> Records shown

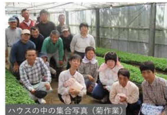
ハウスの中の集合写真（菊作業）

障害福祉サービスを利用して、支援を受けながら働く事を 福祉的就労 と呼びます。障がいを持つ仲間たちが、さまざまな働き方で仕事をしています。
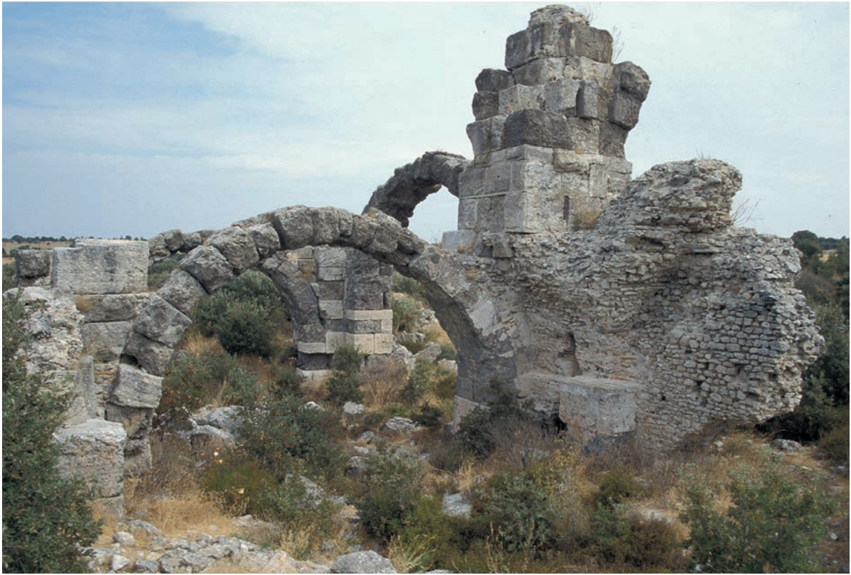
318 Trôas (1), Thermen des Herodes Attikus (Zustand 1997)
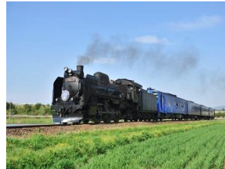
SL銀河(イメージ)
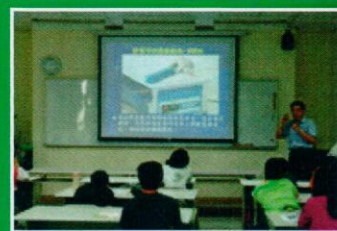
0920 物理鑑識-孟憲輝教授
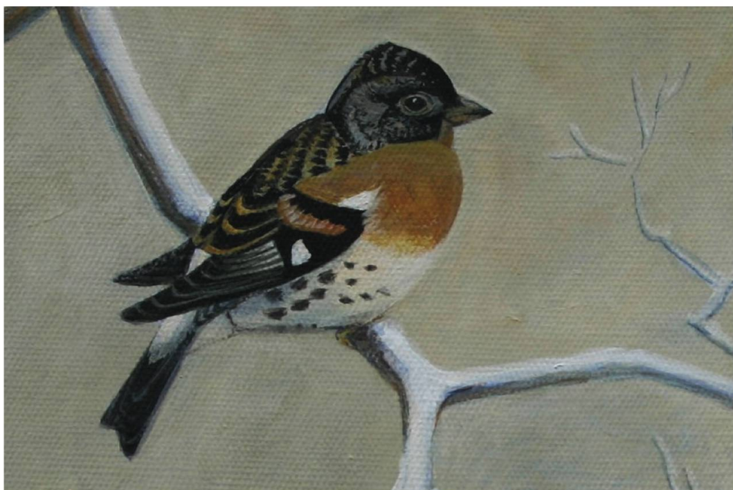
Fig. 1 : Pinson du Nord mâle au début de l'hiver (peinture Gicé, 2012)

Après le merveilleux spectacle que les pinsons du Nord avaient offert durant l'hiver 2001-2002 à Fontenais 1 , plus d'un million de ces passe-reaux ont séjourné à Vendlincourt au début de l'hiver 2011-2012. Voisin immédiat du site de repos nocturne, l'auteur a suivi ce séjour jurassien de près d'un mois.
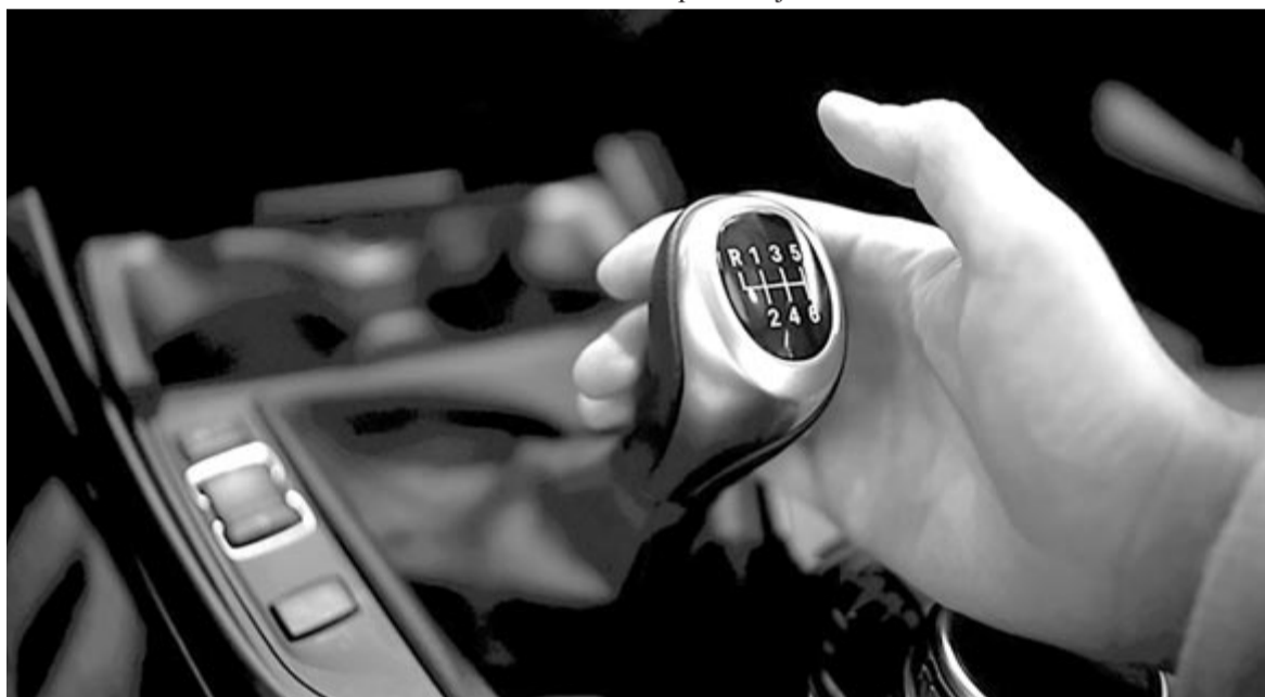
Kézi váltó, illusztráció

lanyautók Ausztráliában és az Egyesült Államokban vonzó a legkevésbé, legalábbis a 38, valamint a 29%-os szavazati arány alapján.

> Task brief
Quote, please, only the lines running from the one with "Fig. 1 : Pinson" down to the final line of the data above, keeping both ends and skipping the pictures.

> Exercise response
Fig. 1 : Pinson du Nord mâle au début de l'hiver (peinture Gicé, 2012)

Après le merveilleux spectacle que les pinsons du Nord avaient offert durant l'hiver 2001-2002 à Fontenais 1 , plus d'un million de ces passe-reaux ont séjourné à Vendlincourt au début de l'hiver 2011-2012. Voisin immédiat du site de repos nocturne, l'auteur a suivi ce séjour jurassien de près d'un mois.
Kézi váltó, illusztráció

lanyautók Ausztráliában és az Egyesült Államokban vonzó a legkevésbé, legalábbis a 38, valamint a 29%-os szavazati arány alapján.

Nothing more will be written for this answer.